TASK DIRECTIONS: Your copy should hold only the lines from the one with "The Madison 5-Piece" to the one with "Dwukomorowy tunel na", both included, each exactly as it stands below, with no pictures.

DATASET EXCERPTS:
_ _ _
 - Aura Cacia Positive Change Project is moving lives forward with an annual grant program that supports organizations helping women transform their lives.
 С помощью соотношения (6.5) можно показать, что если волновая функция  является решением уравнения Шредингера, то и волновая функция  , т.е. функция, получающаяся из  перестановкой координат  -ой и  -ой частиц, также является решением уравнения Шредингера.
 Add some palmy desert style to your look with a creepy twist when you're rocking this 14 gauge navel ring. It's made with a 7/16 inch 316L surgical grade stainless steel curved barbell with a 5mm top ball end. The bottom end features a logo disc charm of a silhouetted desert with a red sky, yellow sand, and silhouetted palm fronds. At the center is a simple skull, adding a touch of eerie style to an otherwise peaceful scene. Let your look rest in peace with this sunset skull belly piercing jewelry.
_ _ _
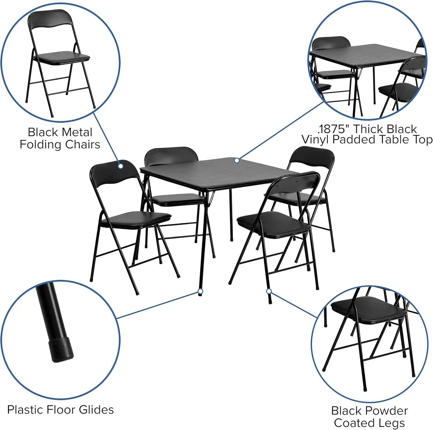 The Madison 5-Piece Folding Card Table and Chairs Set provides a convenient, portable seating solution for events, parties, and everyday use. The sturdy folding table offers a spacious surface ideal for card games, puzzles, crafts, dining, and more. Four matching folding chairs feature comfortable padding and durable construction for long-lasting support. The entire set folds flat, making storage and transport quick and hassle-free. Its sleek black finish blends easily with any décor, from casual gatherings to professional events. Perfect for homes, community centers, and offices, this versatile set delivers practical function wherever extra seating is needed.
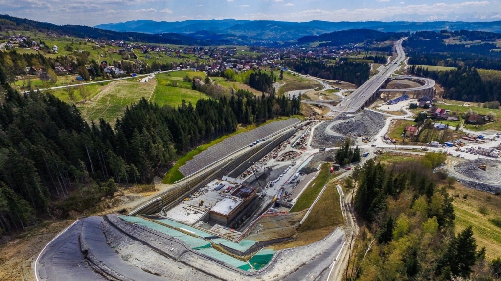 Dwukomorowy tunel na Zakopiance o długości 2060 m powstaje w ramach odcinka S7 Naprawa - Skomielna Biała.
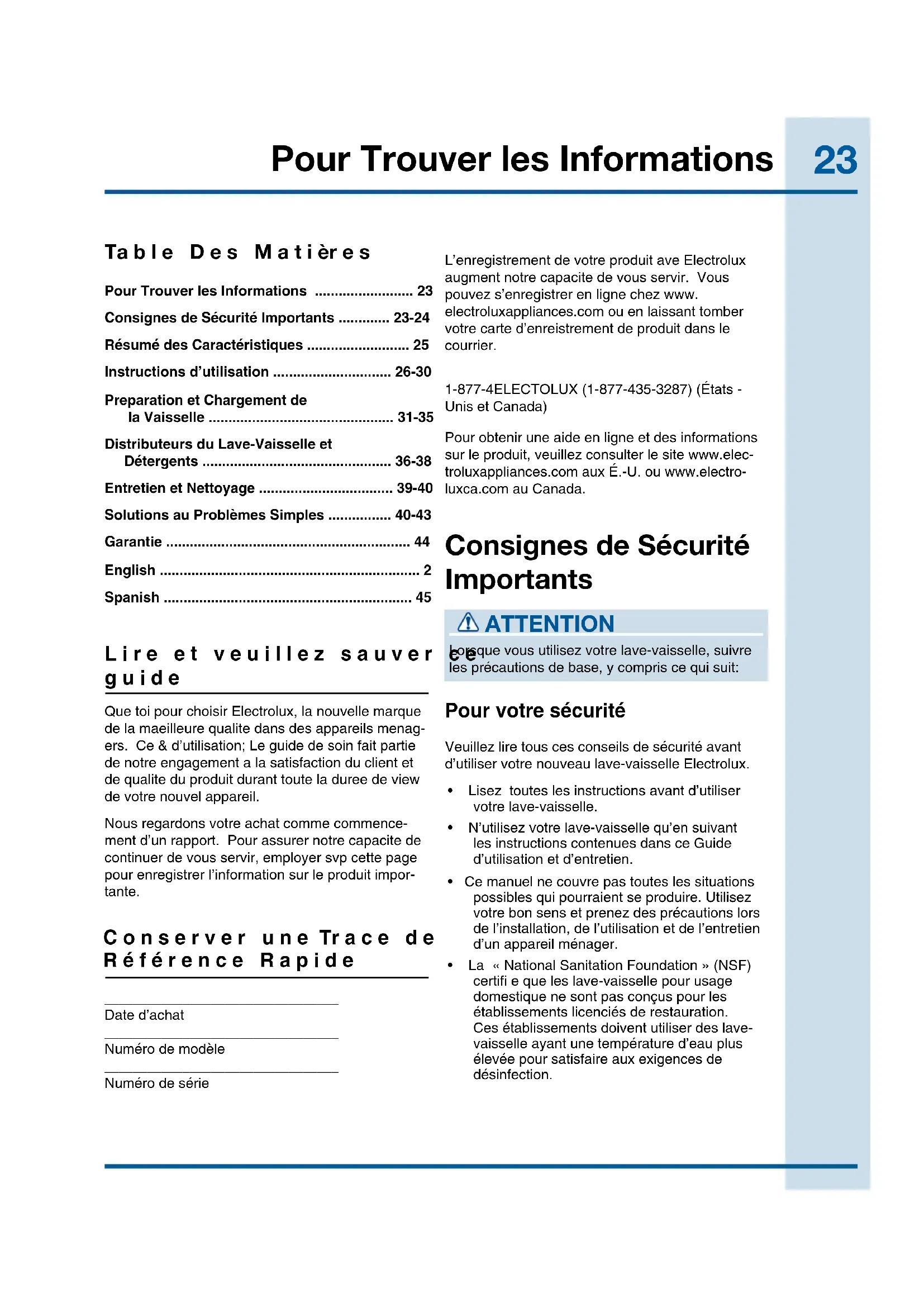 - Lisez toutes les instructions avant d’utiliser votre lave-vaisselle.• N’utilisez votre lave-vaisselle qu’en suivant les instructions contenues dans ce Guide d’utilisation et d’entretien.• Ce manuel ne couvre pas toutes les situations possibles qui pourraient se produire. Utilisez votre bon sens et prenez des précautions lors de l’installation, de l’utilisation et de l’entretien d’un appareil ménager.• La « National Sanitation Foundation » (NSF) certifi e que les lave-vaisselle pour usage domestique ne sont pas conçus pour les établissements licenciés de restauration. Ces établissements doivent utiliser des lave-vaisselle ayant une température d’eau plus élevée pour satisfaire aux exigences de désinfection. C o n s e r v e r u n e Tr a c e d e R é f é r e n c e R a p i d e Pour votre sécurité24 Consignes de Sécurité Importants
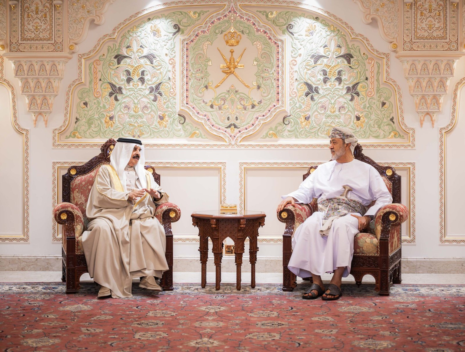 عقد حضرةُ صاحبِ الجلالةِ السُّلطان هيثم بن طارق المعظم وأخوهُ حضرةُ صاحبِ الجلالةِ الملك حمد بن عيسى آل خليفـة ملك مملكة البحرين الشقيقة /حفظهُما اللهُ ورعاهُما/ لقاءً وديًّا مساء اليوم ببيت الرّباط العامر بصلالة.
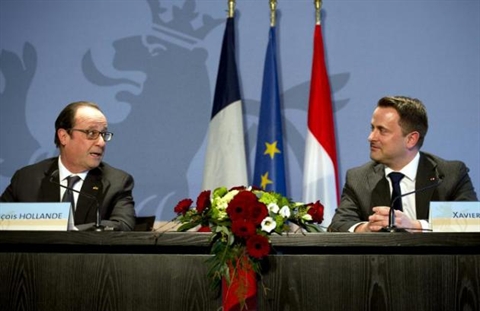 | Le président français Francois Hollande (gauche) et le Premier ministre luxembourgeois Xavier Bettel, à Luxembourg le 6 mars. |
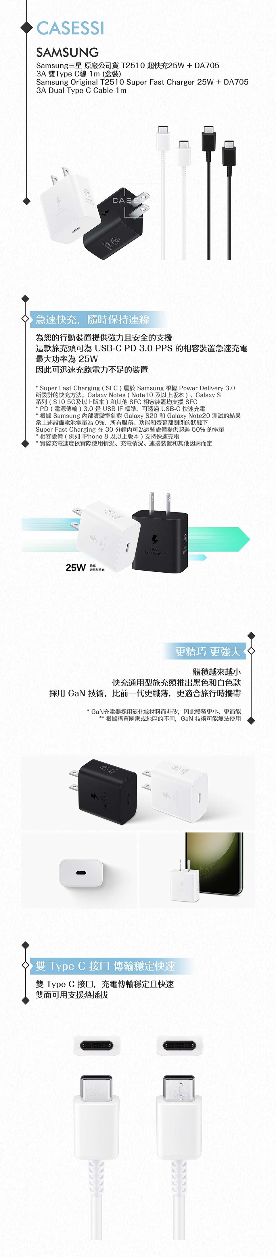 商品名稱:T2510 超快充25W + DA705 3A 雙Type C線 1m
_ _ _
RESULT OF THIS EXERCISE:
 The Madison 5-Piece Folding Card Table and Chairs Set provides a convenient, portable seating solution for events, parties, and everyday use. The sturdy folding table offers a spacious surface ideal for card games, puzzles, crafts, dining, and more. Four matching folding chairs feature comfortable padding and durable construction for long-lasting support. The entire set folds flat, making storage and transport quick and hassle-free. Its sleek black finish blends easily with any décor, from casual gatherings to professional events. Perfect for homes, community centers, and offices, this versatile set delivers practical function wherever extra seating is needed.
 Dwukomorowy tunel na Zakopiance o długości 2060 m powstaje w ramach odcinka S7 Naprawa - Skomielna Biała.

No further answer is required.